Not at all. In fact, this is very much at the heart of what he was
wrestling with and I'm attempting to persuade you to change your mind-set. If
you want to understand the kind of modeling he was suggesting, you have to
abandon certain traditional patterns of thinking. It's an issue of
perspective, really. The kind of "objectivity" you are describing
(from Physics, which then pervades all of science) is derived from certain basic
assumptions, and models of the universe that were constructed from those
assumptions. His discovery was that those assumptions and models apply to
only a very small ("special") group of system types; those with "simple"
(non-complex) organization-- Systems that are approximately "the sum of
their parts". As you know, he came to the conclusion that most systems we know
of in the universe are not of that organization type. So, what is considered
"the general science" really isn't general. And, what initially seemed to
set biological systems apart from others turns out to be due to aspects which
are actually the general case-- systems where the relational causality conferred
upon the system by its organization is what makes such systems "more than the
sum of their parts". The pursuit of the type of "objectivity" you have
described is a part of the problem in science and it's no surprise that it was
generated from the same assumptions as the models and the approach. It's
also somewhat schizophrenic because, as I've tried to illustrate, they
are trying to subtract by adding more of what they're trying to
subtract...
From page 35 of "Life, Itself":
Robert Rosen wrote: "To assess the "level of generality"

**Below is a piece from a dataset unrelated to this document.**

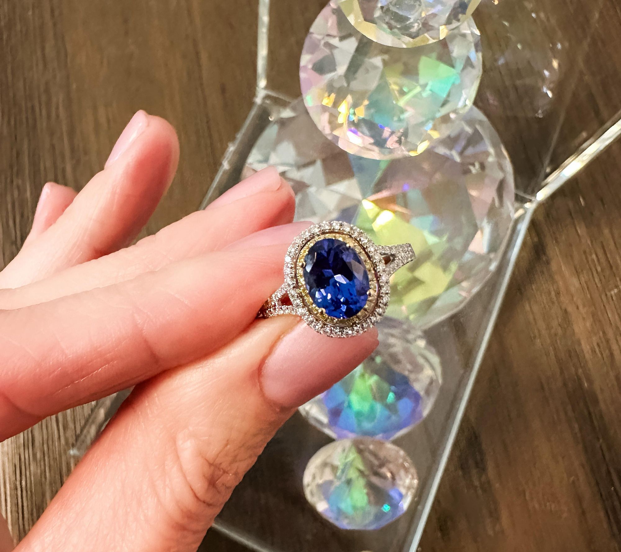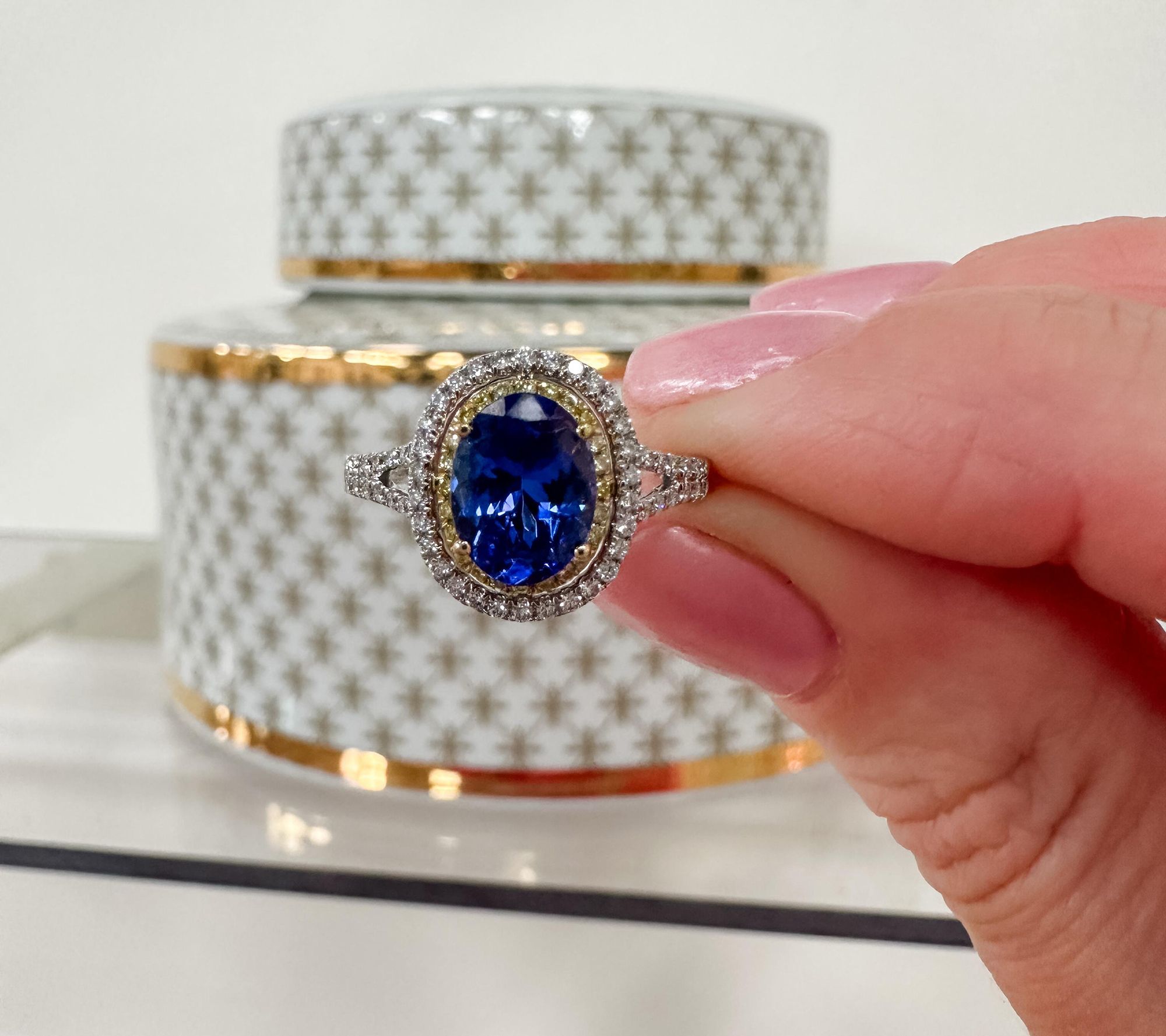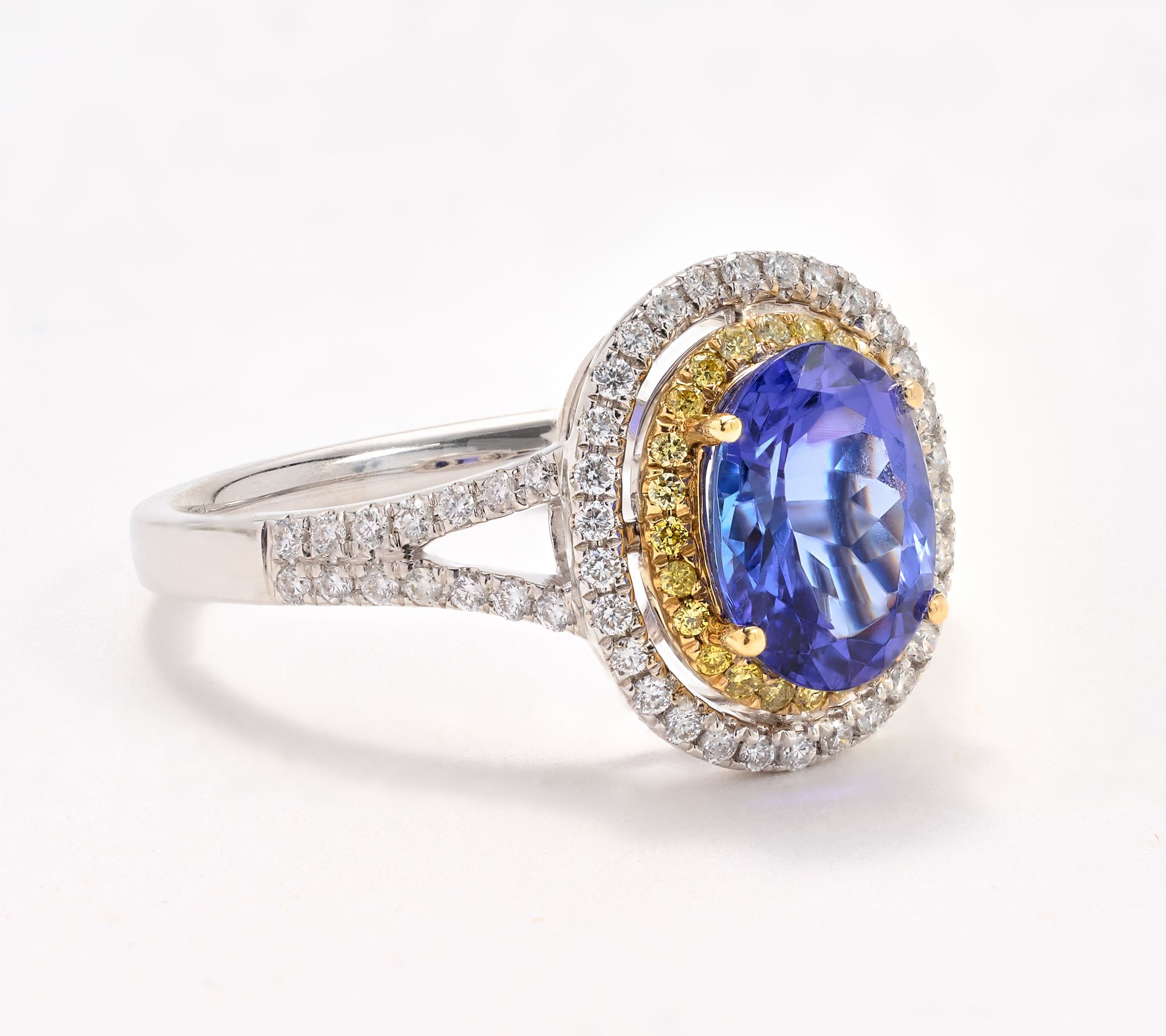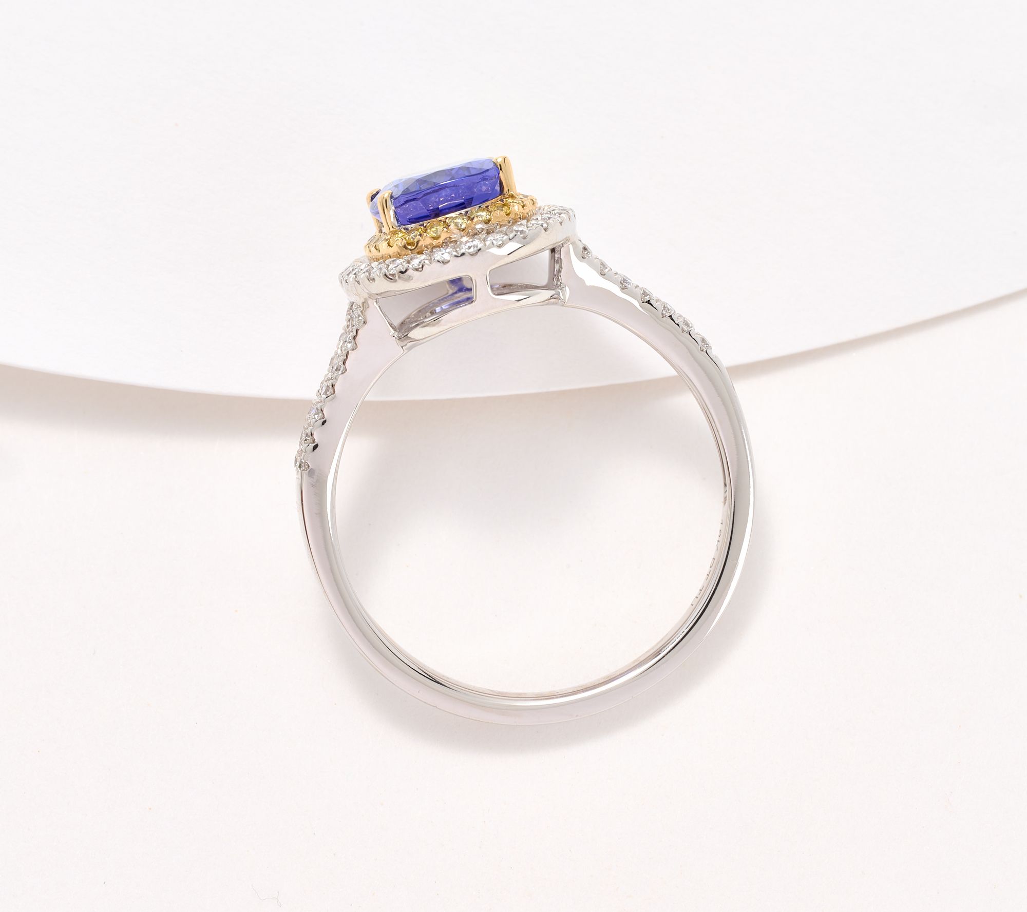 • Oval heat-treated tanzanite in prong setting; pave-set white and yellow round diamonds; two tone design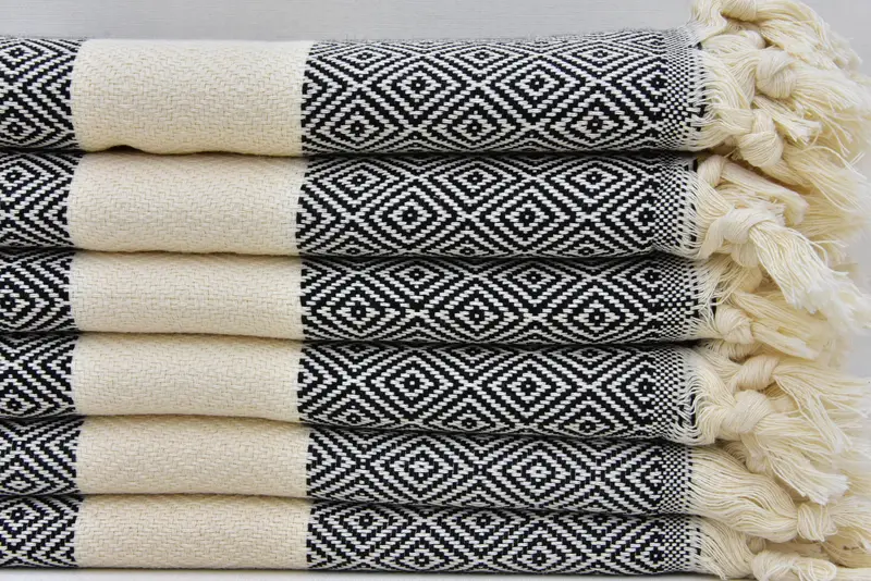 ハンドタオル ブラック ナプキンタオル S 18x40 インチ、トルコ綿

of contemporary physics, or indeed of any other scientific or mathematical
discipline, in any kind of absolute terms is an extremely difficult thing. It
raises in fact a metatheoretic question; a question about the
theory, not a question within the theory. Intuitively, the
"level of generality" of a theory characterized the class of situations with
which the theory can cope, the class of phenomena it can in principle
accommodate. How, if at all, can such a thing be measured?
It is instructive, in this regard, to look at the Theory
of Numbers in pure mathematics, where the situation is much more under control.
Number Theory has historically been plagued with conjectures (really inductions,
based on limited experience or sampling with small numbers), which no one has
ever been able either to prove or produce a counterexample (disprove). Is
Fermat's Last Theorem a theorem? How about the Goldbach Conjecture, that every
even number is the sum of two odd primes? Is Number Theory general enough, even
in principle, to cope with these very specific
situations?
The situation is made even more interesting as a result of
Gödel's celebrated work on undecidability in Number Theory, which we shall see
much more of as we proceed. In brief, Gödel showed how to represent assertions
about Number Theory within Number Theory. On
this basis, he was able to show that Number Theory was not finitely
axiomatizable. In other words: given any finite set of axioms for Number Theory,
there are always propositions that are in some sense theorems but are unprovable
from those axioms (unless, of course, the axioms are inconsistent to begin
with-- in which case everything is a theorem). The conclusion here is that
every finitely axiomatized system of Number Theory is too
special, in some abstract, absolute sense. But there is no way of telling
whether a specific assertion or conjecture about numbers is provable, or
disprovable, or undecidable (unprovable) within such a system.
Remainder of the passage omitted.